In the case of ${\displaystyle n=3}$, the quantity ${\displaystyle v_{3}}$ gives the volume of a tetrahedron, which we will denote by ${\displaystyle V}$. For distances between ${\displaystyle A_{i}}$ and ${\displaystyle A_{j}}$ given by ${\displaystyle d_{ij}}$, the Cayley–Menger determinant gives[6][7]

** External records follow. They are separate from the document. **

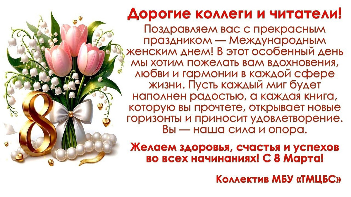 🌹🌹🌹Поздравление от коллектива МБУ «ТМЦБС» с Международным Днем 8 Марта
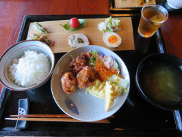 午前は加賀市役所で定例ミーティング。ぶなの森の活動報告と地域おこし協力隊の迫さんの活動報告。それぞれについての質疑応答。いろいろな移住希望者さんについての意見交換や空き家についての話も出ました。協議会としての手続きを早めに終えていただくようにお願いさせていただきました。その後に、借り受けて整備した空き家の賃借人の公募が可能になりますので。すでに整備を終えて時間が経過していますので、早めに次のステップに進む必要があります。昼食は3人でちょうちん横丁のしまで昼ごはんをいただく。久しぶりにご主人ともお会いすることができました。かりぐらしの家に戻り、書類を出力、金沢に戻る途中に、能美の里山ファン倶楽部に事務局に立ち寄り、届いていた郵便物を預かり、市役所に立ち寄って書類を提出。 | ![]() しまの昼ごはん |
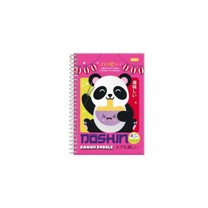 Disponível em diversas estampas da coleção Doshin; escolha específica pode ser solicitada nas observações do pedido, caso contrário, o envio será feito conforme a disponibilidade em estoque (caderno grande).
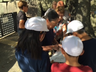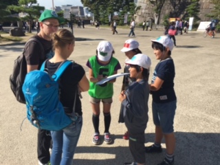 オリエンテーリングの後は大阪城を見学して、外国語活動をしています!

{\displaystyle {\begin{aligned}144V^{2}={}&{\frac {1}{2}}{\begin{vmatrix}2d_{01}^{2}&d_{01}^{2}+d_{02}^{2}-d_{12}^{2}&d_{01}^{2}+d_{03}^{2}-d_{13}^{2}\\d_{01}^{2}+d_{02}^{2}-d_{12}^{2}&2d_{02}^{2}&d_{02}^{2}+d_{03}^{2}-d_{23}^{2}\\d_{01}^{2}+d_{03}^{2}-d_{13}^{2}&d_{02}^{2}+d_{03}^{2}-d_{23}^{2}&2d_{03}^{2}\end{vmatrix}}\\[8pt]={}&4d_{01}^{2}d_{02}^{2}d_{03}^{2}+(d_{01}^{2}+d_{02}^{2}-d_{12}^{2})(d_{01}^{2}+d_{03}^{2}-d_{13}^{2})(d_{02}^{2}+d_{03}^{2}-d_{23}^{2})\\[6pt]&{}-d_{01}^{2}(d_{02}^{2}+d_{03}^{2}-d_{23}^{2})^{2}-d_{02}^{2}(d_{01}^{2}+d_{03}^{2}-d_{13}^{2})^{2}-d_{03}^{2}(d_{01}^{2}+d_{02}^{2}-d_{12}^{2})^{2}.\end{aligned}}}

### Finding the circumradius of a simplex

Given a nondegenerate n-simplex, it has a circumscribed n-sphere, with radius ${\displaystyle r}$. Then the (n+1)-simplex made of the vertices of the n-simplex and the center of the n-sphere is degenerate. Thus, we have

${\displaystyle {\begin{vmatrix}0&r^{2}&r^{2}&r^{2}&\cdots &r^{2}&1\\r^{2}&0&d_{01}^{2}&d_{02}^{2}&\cdots &d_{0n}^{2}&1\\r^{2}&d_{01}^{2}&0&d_{12}^{2}&\cdots &d_{1n}^{2}&1\\r^{2}&d_{02}^{2}&d_{12}^{2}&0&\cdots &d_{2n}^{2}&1\\\vdots &\vdots &\vdots &\vdots &\ddots &\vdots &\vdots \\r^{2}&d_{0n}^{2}&d_{1n}^{2}&d_{2n}^{2}&\cdots &0&1\\1&1&1&1&\cdots &1&0\end{vmatrix}}=0}$

In particular, when ${\displaystyle n=2}$, this gives the circumradius of a triangle in terms of its edge lengths.